The thought of the older woman's gentle smile and potpourri-filled house pushed Jill's foot down on the accelerator. She drove through the center of town—such as it was—and came out on the south side. After making a series of turns, she pulled up in front of a two story house built in the 1940s. The wide porch had an overhang supported by stone-covered pillars. Several worn pieces of rattan furniture filled the space and offered a place to sit and watch the world go by. Jill found herself in more of a "curl up and lick her wounds" kind of mindset, but that would pass and when it did she would appreciate the old rocking chair by the swing.
She parked in front of the house and climbed out. Aunt Bev must have been watching out the big bay window in front because she stepped out of the house and started down the stairs.
Beverly Antoinette Cooper, know as Bev to her friends, had been born into money. Not gobs and gobs but enough that she'd never had to hold a job, even though she'd spent a couple of years as a schoolteacher when she'd first graduated from college. Petite, with fiery red hair and a big smile, she'd been the younger of the two children in her family. She'd moved to Los Lobos when her sister had married Jill's father and had decided to stay.
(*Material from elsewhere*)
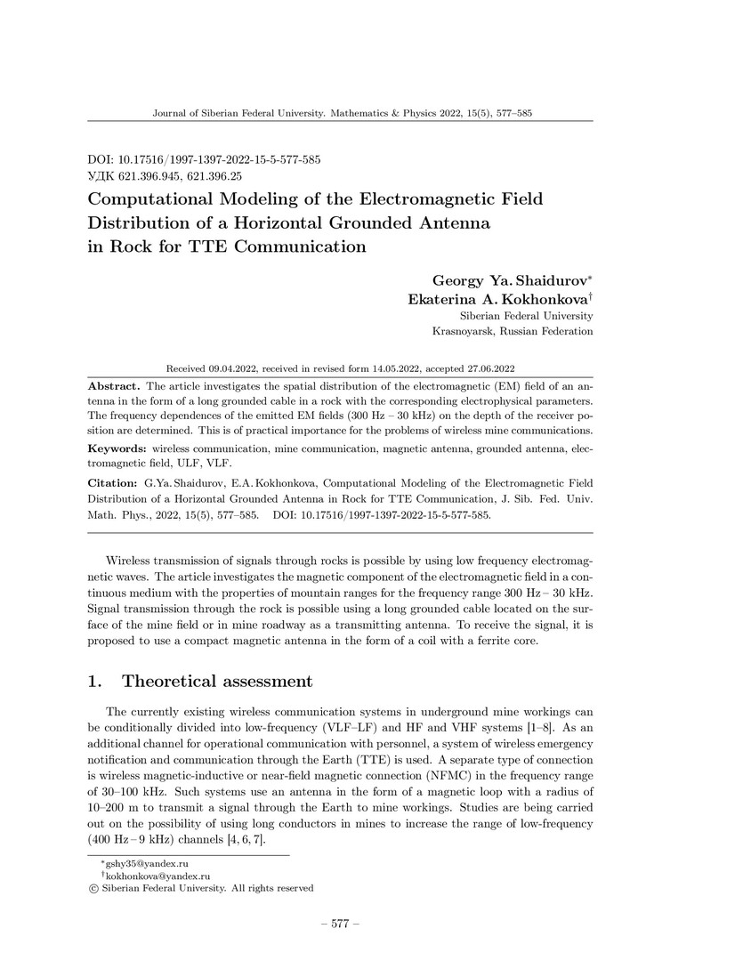 Библиографическое описание:Shaidurov, Georgy. Computational Modeling of the Electromagnetic Field Distribution of a Horizontal Grounded Antenna in Rock for TTE Communication = Вычислительное моделирование распределения электромагнитного поля горизонтальной заземленной антенны в горной породе / Georgy Ya. Shaidurov, E. A. Kokhonkova. - Текст : непосредственный // Журнал Сибирского федерального университета. Математика и физика. - 2022. - Т. 15, № 5. - С. 577-585. - Библиогр.: с. 584-585. - ISSN 1997-1397.

Jill had never been more grateful for the family connection. Her aunt wasn't one to judge or criticize. Mostly she offered hugs, affection and occasionally odd advice. Bev considered herself gifted—psychically—although the jury was still out on that one. Feeling better than she had since walking in on Lyle and his assistant going at it on his credenza, Jill walked around to the sidewalk where she stopped and smiled.
"I'm here."
Her aunt grinned. "Nice wheels."
Jill glanced at the gleaming black BMW 540. "It's transportation," she said with a shrug.
"Uh huh. Lyle's?"
"California is a community property state," Jill said primly. "As he acquired the asset after our marriage, it's as much my car as his."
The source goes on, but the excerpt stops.